# New 75g Setup Help



## Im That Guy (Dec 28, 2015)

Hello all, 

So I just bought a TopFin 75g tank from PetSmart. I wanted feedback as all I have now is the tank and two quietflow 30 filters. Are two quietflow 30 filters good for the tank size? A PetSmart employee recommended that. Aside from that question I have more...

The employee also recommended one 200 watt heater that I have not bought yet. Would this be correct for a 75g?

He also recommended 75lbs of gravel but that does not seem right to me as I have kept 10-20g tanks in the past and didn't think 1 gallon = 1 pound of gravel, but I could be wrong. So clarification on this would be nice.

As for the theme, I am looking at buying 2 sunken battleship decor from PetSmart along with a sunken submarine decor, a moss tree, maybe my own driftwood and my own slate rock touch with some more well sized plastic leafy plants.

As for fish I have this idea, please give me feedback as I need refreshers on what can't live with what etc...

1 - Rainbow or Red Tailed shark
5 - Otocinclus
1 - Some type of Gourami
7-10 - Neon Tetras
4 - Kuhli loaches
5 - Tiger barbs? Or maybe cherry barbs? Have not decided
1- Some kind of mystery snail

Obviously not adding these at one time, but that is a lot of low level fish and was wondering if the shark - ottos - and/or loaches would clash. Anyway, possible issues with the fish choices would be great to bring to light here.
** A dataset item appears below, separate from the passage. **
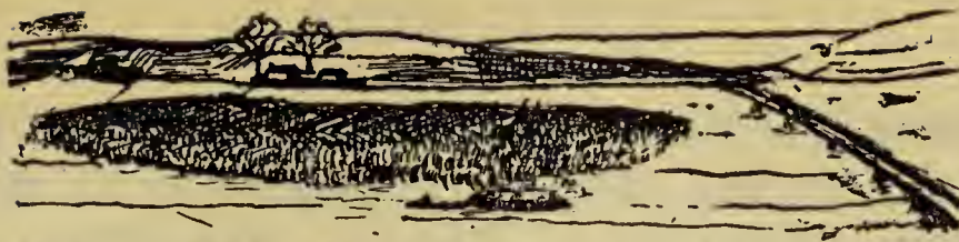
ASH CREEK - PENFIELD MILLS - 1772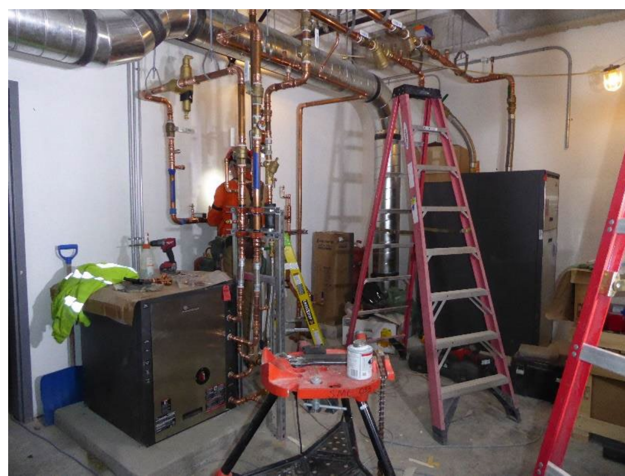
Equipment install in penthouse mechanical room.

I have never kept kuhli loaches or any loaches for that matter, as well as a red tail or rainbow shark.

Last question, it has been awhile since I have been avidly maintaining and aquarium and was wondering if someone could link me the nitrogen cycle? I need a refresher of how that works, I can not remember the details of it. 

It will be a long while before I get this tank up and running as I am a poor college student, and I still need...

Proper stand for the tank
Heater
Gravel
Decor
Gravel Vac
Water Conditioner
Thermometer
Net

So hopefully this post isn't too long, jumbled, and confusing, just getting answers to the multiple questions above would be nice haha!

Thanks in advance, That Guy :wink2:


----------



## FishFlow (Sep 13, 2011)

2 quietflow 30 filters is barely the minimum. If you haven’t discovered it yet, aqadvisor.com. I’ve one aquaclear 70 on a 60, and it’s ridiculously under filtered. (almost zero water movement on the opposite side of the tank. 
200watt will be fine. I just put one in a 60 gallon and it’s working wonderful!

If you’re buying the gravel local, you can always purchase less, then go back to add more. For a *normal* size tank, a general rule of thumb is 1lb of substrate for each gallon for ~ 1” of substrate. Really depends on how thick you wish your substrate to be. You could consider pool filter sand, or blasting sand for cheap alternatives. 

Fish stocking looks good. Try the link above.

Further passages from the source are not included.